7.3.1. Standard Migration (Small VMs via Workstation /tmp)
1. On kvm-02 - Shutdown VMs and export:
# Shutdown VMs
for vm in vault-01 bind-01; do
sudo virsh shutdown $vm
done
# Wait for shutdown, then export XMLs
for vm in vault-01 bind-01; do
sudo virsh dumpxml $vm > /tmp/$vm.xml
done
# Stage qcow2 files (requires root)
for vm in vault-01 bind-01; do
sudo cp /var/lib/libvirt/images/$vm.qcow2 /tmp/
sudo chmod 644 /tmp/$vm.qcow2
done
2. From workstation - Pull files from kvm-02:
# Pull XMLs
scp kvm-02:/tmp/{vault-01,bind-01}.xml /tmp/
# Pull qcow2 files (may take several minutes per VM)
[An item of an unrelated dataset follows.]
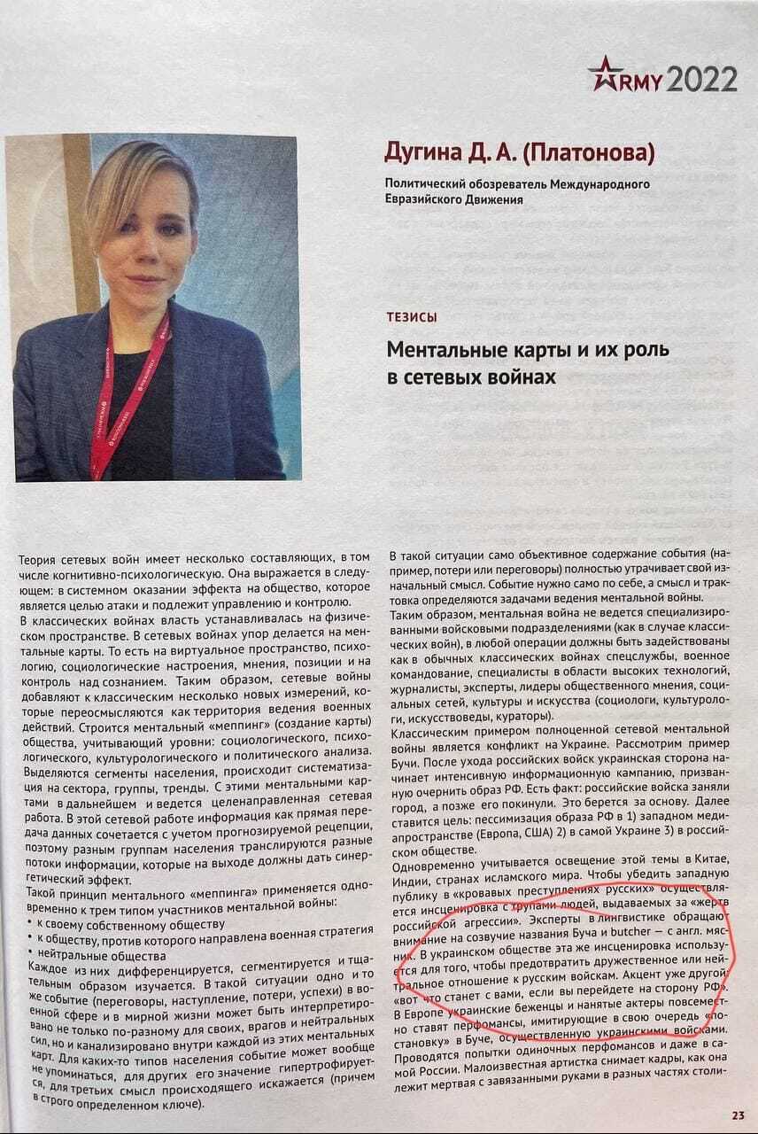 Моя позиция: Дугина-Платонова была, параллельно с отцом, идеологом воинствующего "Русского мира", который шесть месяцев показывает все у него имеющееся в Украине. Она - воитель, вдохновитель бойцов, непрямой участник действий, и поэтому попадает в список целей сопротивляющейся стороны. Если бы Дугина специализировалась на искусстве, тогда не было бы и речи, мы бы сказали, что погибла напрасно, сев в автомобиль предназначенный для Дугина-старшего. Но она сама была пропагандистом происходящего в России и Украине, поэтому оценка теракта становится другой.

scp kvm-02:/tmp/{vault-01,bind-01}.qcow2 /tmp/
3. From workstation - Push to kvm-01:
# Push XMLs
scp /tmp/{vault-01,bind-01}.xml kvm-01:/tmp/
# Push qcow2 files
scp /tmp/{vault-01,bind-01}.qcow2 kvm-01:/tmp/
4. On kvm-01 - Move files and define VMs:
# Move qcow2 to libvirt images directory
for vm in vault-01 bind-01; do
sudo mv /tmp/$vm.qcow2 /mnt/onboard-ssd/libvirt/images/
done
# Fix XML paths, define, and start VMs
for vm in vault-01 bind-01; do
sed -i 's|/var/lib/libvirt/images/|/mnt/onboard-ssd/libvirt/images/|g' /tmp/$vm.xml
sudo virsh define /tmp/$vm.xml
sudo virsh start $vm
done
5. Verify:
sudo virsh list --all | grep -E 'vault-01|bind-01'
6. Cleanup on kvm-02 (after confirmed working):
for vm in vault-01 bind-01; do
sudo virsh undefine $vm
sudo rm /var/lib/libvirt/images/$vm.qcow2
rm /tmp/$vm.xml /tmp/$vm.qcow2
done
7.3.2. Large VM Migration (via NAS Staging)
For VMs larger than workstation /tmp capacity (e.g., home-dc01 ~40GB), use NAS as intermediate storage.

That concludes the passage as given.